Beginning with the line where "Pendulette de marque" appears, set down each line exactly until the records below end, and omit the pictures.

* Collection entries
• • • • • • •
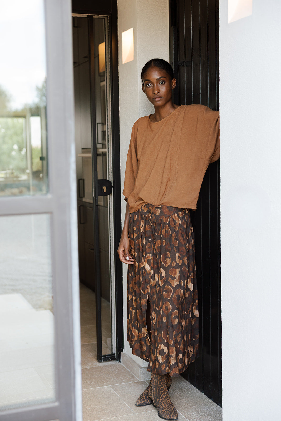 AMONA es una falda midi confeccionada en 100% viscosa con un favorecedor estampado animal print en tonos cálidos. De silueta fluida y con una caída suave, presenta un diseño abotonado en el delantero con botones forrados que aportan un acabado delicado y sofisticado. La cinturilla combina estructura y confort: parte delantera plana y espalda con elástico, lo que asegura un ajuste cómodo y favorecedor. Ideal para combinar con blusas ligeras o camisetas básicas, AMONA es una pieza versátil que funciona tanto para un look relajado de día como para ocasiones más especiales.
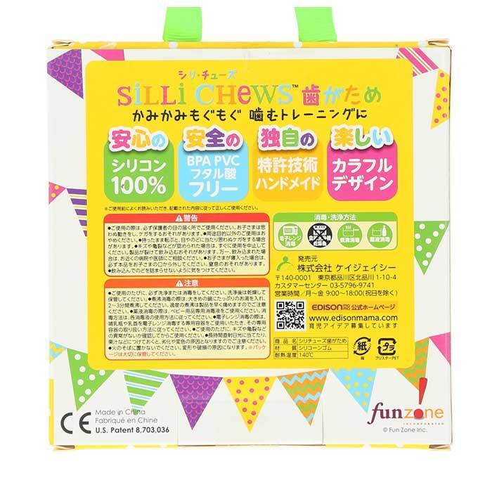 | 商品説明 | ・赤ちゃんの、かみかみもぐもぐトレーニングにピッタリ♪「SilliChews 歯がため」が発売。 ・パパ・ママも安心の食用品シリコン素材100%使用!さらにBPA、PVC、フタル酸フリーだから安全◎ ・独自の形状で唇や歯茎に刺激を与え物を噛む感覚を学ぶことで、離乳時期の「吸う」から「噛む」への移行をサポート♪ ・電子レンジ消毒、薬液・煮沸消毒OKなので、いつでも清潔を保てる。 ・お手持ちのストラップを装着できる穴付き。バッグやベビーカーに取り付けることができ、持ち運びもラクラク。 ・赤ちゃんがかみかみする姿を思わず写真に収めたくなっちゃうような、カラフルで可愛らしいデザインが魅力♪プレゼントにもおすすめ。 |
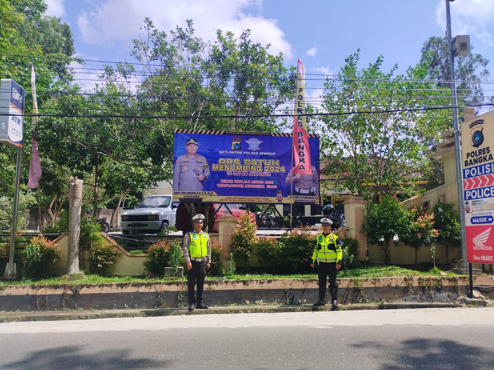 IBInews.co.id~//- Bangka (Sungailiat) – Satuan Lalu Lintas (Satlantas) Polres Bangka melaksanakan kegiatan pemasangan spanduk dan stiker serta brosur, dalam Operasi Patuh Menumbing Tahun 2024, Kamis (18/7/2024).
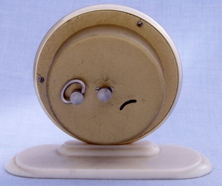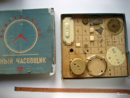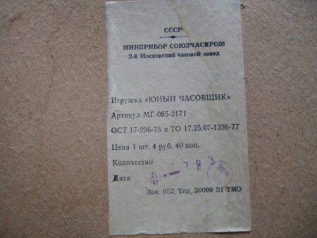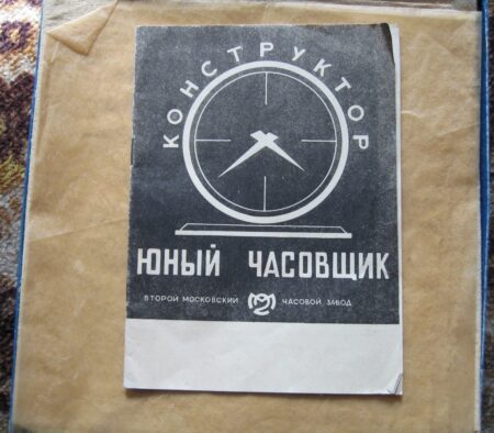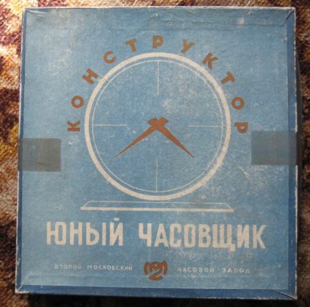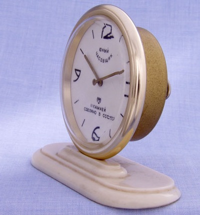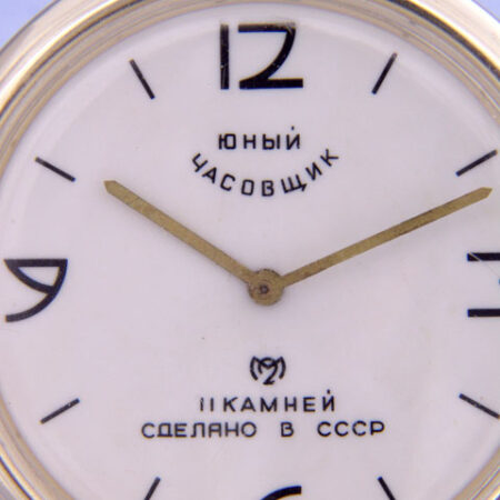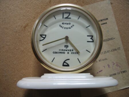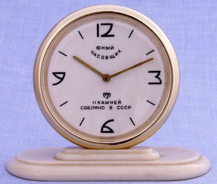 Pendulette de marque « Jeune horloger » (юный часовщик) de la 2e Fabrique de Montres de Moscou. Le mécanisme est probablement un 5671 à 11 rubis sans alarme.
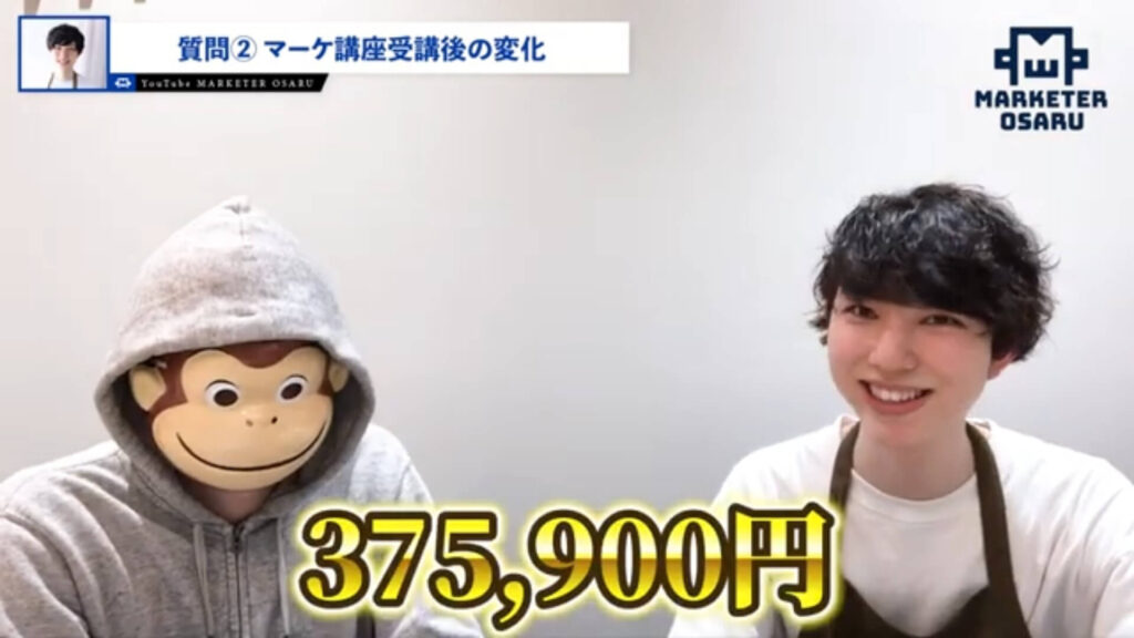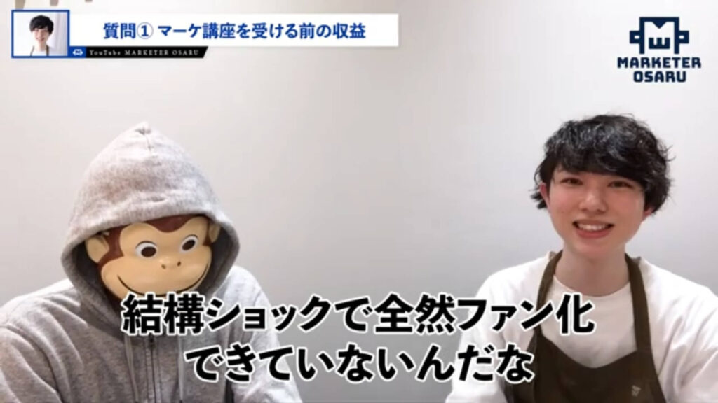 おさる:1つ目の質問です。マーケ講座を受ける前の収益、購入前の悩みなどについて教えてください。
• • • • • • •
* Answer to this task
 Pendulette de marque « Jeune horloger » (юный часовщик) de la 2e Fabrique de Montres de Moscou. Le mécanisme est probablement un 5671 à 11 rubis sans alarme.
 おさる:1つ目の質問です。マーケ講座を受ける前の収益、購入前の悩みなどについて教えてください。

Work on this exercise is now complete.